▶ COLLECTED MATERIAL
---+---

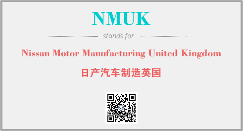 上述内容是“Nissan Motor Manufacturing United Kingdom”作为“NMUK”的缩写,解释为“日产汽车制造英国”时的信息,以及英文缩略词NMUK所代表的英文单词,其对应的中文拼音、详细解释以及在英文中的流行度和相关分类、应用领域及应用示例等。
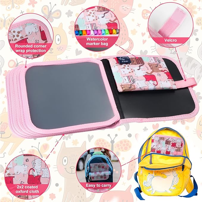 - ๐จKid's Road Trip Essentials--Kids Erasable Graffiti Book has sticky buttons on the outside to keep it in place and a pens pocket on the inside for 12 watercolor pens. Even in cars, planes and other means of transportation, kids can draw as much as they want.
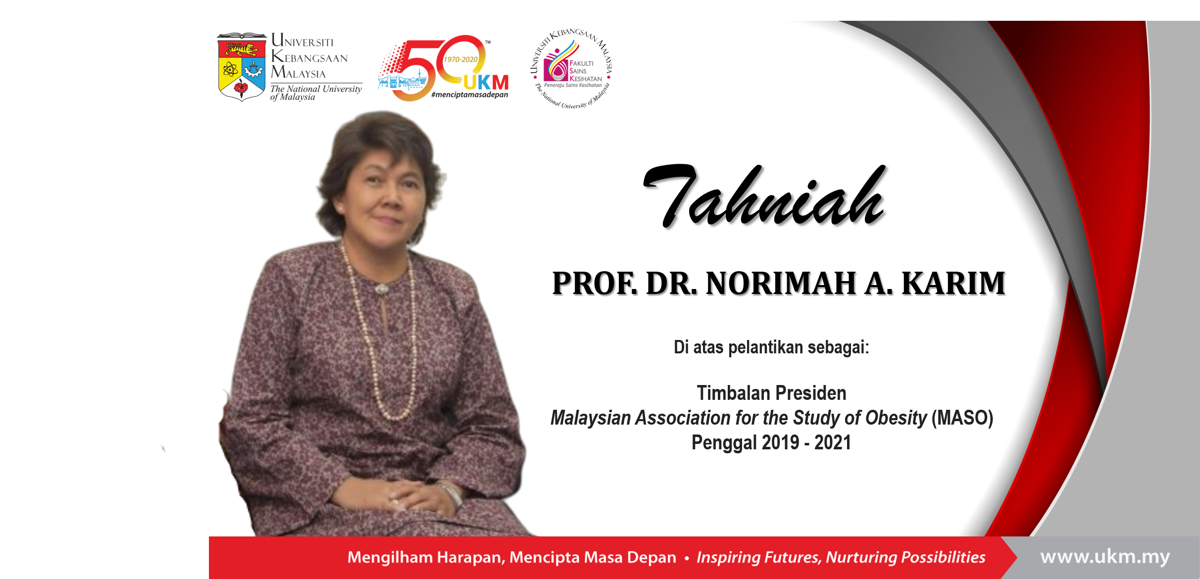 Ucapan Tahniah Fakulti merakamkan ucapan tahniah kepada Prof. Dr. Norimah A. Karim atas lantikan sebagai Vice President of Malaysian Association for the Study of Obesity…

---+---

▶ DIRECTIONS
Exactly as written, return every line of the listing, but not the pictures.

▶ EXPECTED OUTPUT
 上述内容是“Nissan Motor Manufacturing United Kingdom”作为“NMUK”的缩写,解释为“日产汽车制造英国”时的信息,以及英文缩略词NMUK所代表的英文单词,其对应的中文拼音、详细解释以及在英文中的流行度和相关分类、应用领域及应用示例等。
 - ๐จKid's Road Trip Essentials--Kids Erasable Graffiti Book has sticky buttons on the outside to keep it in place and a pens pocket on the inside for 12 watercolor pens. Even in cars, planes and other means of transportation, kids can draw as much as they want.
 Ucapan Tahniah Fakulti merakamkan ucapan tahniah kepada Prof. Dr. Norimah A. Karim atas lantikan sebagai Vice President of Malaysian Association for the Study of Obesity…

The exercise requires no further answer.